Replicating And Repairing The Genome: From Basic Mechanisms To Modern Genetic Technologies. Kenneth N Kreuzer

      Figure 2.5. The trombone model of DNA replication. The figure depicts one round of Okazaki fragment synthesis, with only the two DNA polymerases and replicative helicase shown for simplicity. Newly synthesized DNA is in red, and RNA primers (also red) are numbered. Note that the overall structures at the top and bottom are identical, except that one additional Okazaki fragment has been synthesized and the leading strand is extended accordingly. See text for detailed discussion of the steps in this model.

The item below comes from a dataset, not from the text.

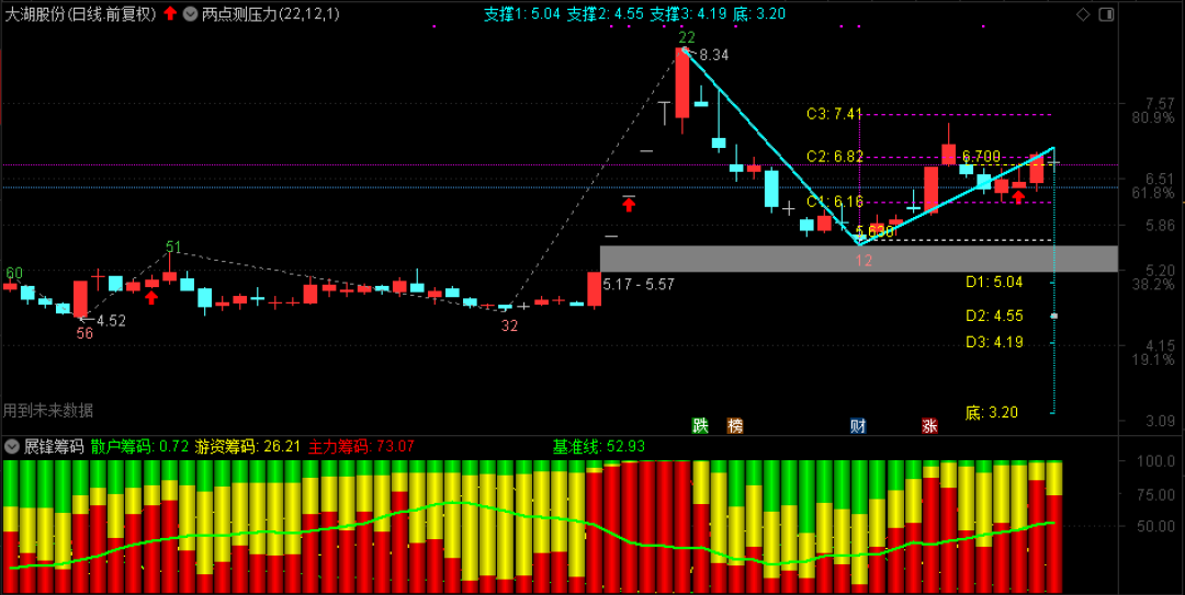 今天把大湖股份委托在了7.40元,这是我惯用的伎俩之一。因为我看它盘中一度站上了C2压力位6.82元,如果能够保持住的话,那么挑战7.41元压力位将不成问题。我也会在它上冲时,顺利拿到止盈的利润。结果冲高后出现了回落,还好主力筹码73.07,没有大意外的情况下,短期应该还有一定的向上冲力。
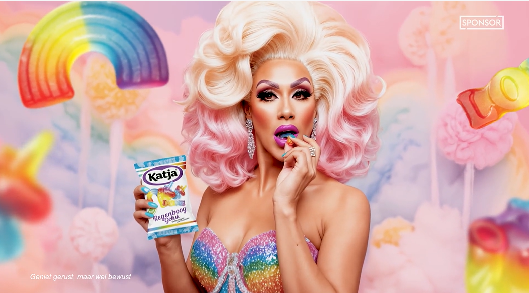 Jeroen van Eunen, Managing Director bij Katja Fassin B.V.: “Katja doet dingen graag anders. Zo zijn onze snoepjes sinds 2021 vegan en zetten we ons in voor de LHBTQIA+ community door onder andere deelname aan PRIDE Amsterdam. Een programma als Make Up Your Mind, waarin de artform van drag in de spotlight staat, sponsoren we dan ook met trots. Ook hebben we het gebruik van AI toegejuicht waarbij Regenboog Geluk, speciaal geïntroduceerd voor PRIDE, op een vernieuwende manier extra onder de aandacht wordt gebracht. Dragqueens zijn uniek en geven kleur aan de wereld. Ze zijn zeker niet te vervangen door AI want hun artform gaat verder dan looks. Daarom stralen er natuurlijk dragqueens bij ons aan boord tijdens de PRIDE Amsterdam. Een uitstapje naar AI is daarom ook zeker een primeur voor ons”

      The looping model raises an important question — what happens if DNA polymerization on one of the strands is stalled or blocked? Does the polymerase on the other strand continue synthesizing DNA? This would create a dangerous situation, with a long stretch of ssDNA on the strand with the blocked polymerase and a complete uncoupling of the two DNA polymerases of the replisome. This question has been approached with a very special replication substrate using the T7 replication system (see “How did they test that?” at the end of this chapter). Polymerase extension on the lagging-strand template was blocked by incorporation of a special “chain-terminating” dideoxynucleotide only on that strand. Dramatically, synthesis of both the leading and lagging strands were strongly inhibited, demonstrating that the leading-strand polymerase halts when the lagging-strand polymerase is inhibited. Thus, the replisome is highly coordinated and the polymerases on the two strands somehow communicate with each other to maintain this coordination.

      While a looped lagging strand is likely to be generally applicable to the process of DNA replication throughout biology, some of the Figures in the remainder of this book will show the “old-fashioned” splayed-out version for simplicity. Keep this in mind when you consider those simplified figures.

      2.6Structural model for the T7 replisome

      A recent culmination of structural approaches provides a dramatic and informative three-dimensional model for the T7 replisome. One key study determined the structure of a complex of the helicase/primase with T7 DNA polymerase in the absence of DNA, using X-ray crystallography and other methods (Figure 2.6A). The helicase/primase was in a heptameric form, consistent with the DNA-free form discussed above. Somewhat surprisingly, the complex contained not two but three copies of the DNA polymerase! The authors speculated that the third DNA polymerase might serve as a spare, available to exchange with one of the actively synthesizing polymerases if the latter became blocked or disabled.

      More recently, a method called cryo-electron microscopy (cryo-EM) was used to determine the structure of the T7 replisome complexed with DNA that mimics a replication fork (Figure 2.6B and cartoon in Figure 2.6C). In this case, the helicase/primase was in a hexameric form, as expected when bound to ssDNA (see above). As in the previous study using X-ray crystallography, three DNA polymerases were bound to the helicase/primase complex. In the cryo-EM study, the two active polymerases (leading and lagging strand) could be identified, and the third polymerase did appear as a spare, showing no engagement with a DNA primer/template.⁴

      This stunning model of an active replication complex has several notable features that illuminate the replication process. Starting at the parental DNA, the separation point of the parental duplex is actually within the leading-strand polymerase, not the helicase! This came as a surprise to those who expected that the unwinding enzyme would be at the frontline of an unwinding reaction. However, recall that unwinding by the helicase is greatly accelerated when it is in complex with polymerase, and the two proteins clearly work in concert with one another (see above).